Tuesday, October 2, 2012

Read to Your Child...And If You Can't Read, Listen!

The best thing your can do to help your child love books is to read to her from infancy and throughout childhood.  There is something special about the time when everything stops or just pauses for reading, whether it is morning, noon, afternoon, or evening.  It helps create a rhythm and ritual to the day.  My youngest son has an early start to school, and his father helps him get going by reading 10 or 15 minutes from his current favorite.  I might pick it up to read to him at some point during the day, but he ends the day with his father again reading to him.  What a nice way to bookend the day!

I wish we had more such times, but we are often on the go.  As much as I love reading blogs about moms homeschooling their six children on a farm (my favorite is Ann Voskamp's A Holy Experience) that is not my life and probably not yours.  Most of us live in a city or in the suburbs and send our children to public schools.  Even if we are stay-at-home moms, our lives are busy and technology is part of them.  I spend far too much time in the car ferrying my childen to school, sports, and errands.

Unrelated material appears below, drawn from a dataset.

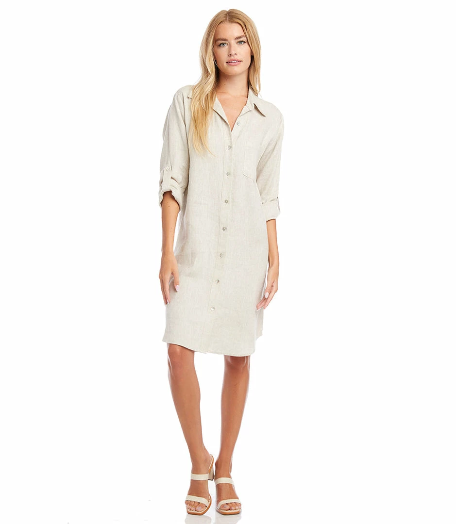 This relaxed dress is accented with natural mother-of-pearl shell buttons. Linen is both cool in warm weather and warm in cool weather.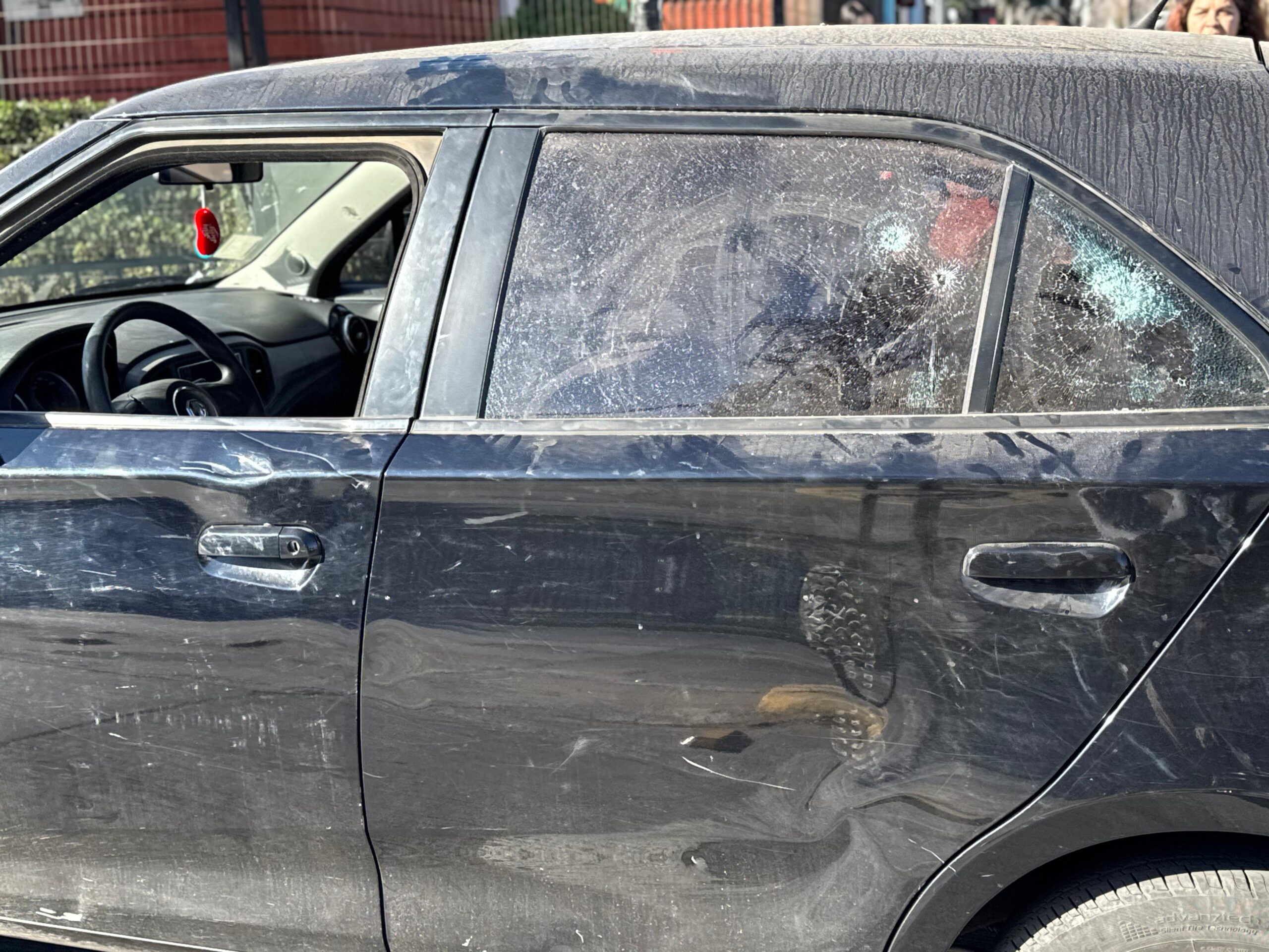 El vehículo sufrió daños materiales, incluyendo la rotura del vidrio lateral trasero, mientras que el conductor fue agredido y despojado de sus pertenencias: celular, lentes, objetos de trabajo y las llaves del automóvil, lo que impidió que pudiera retirarse del lugar.

Audiobooks have been the next best thing to reading aloud and have made our time in the car more than just moving from one place to another.  We had started reading Harry Potter aloud to our oldest years ago, but after having been kept captive through the fourth book, we checked out the following books from the library on CD.  If your child has a large difference between the books that he can enjoy and the books he can decode, audiobooks help him keep his language skills progressing.  Even if there is no deficit, hearing books aloud in the car is a way to enjoy time together on the road.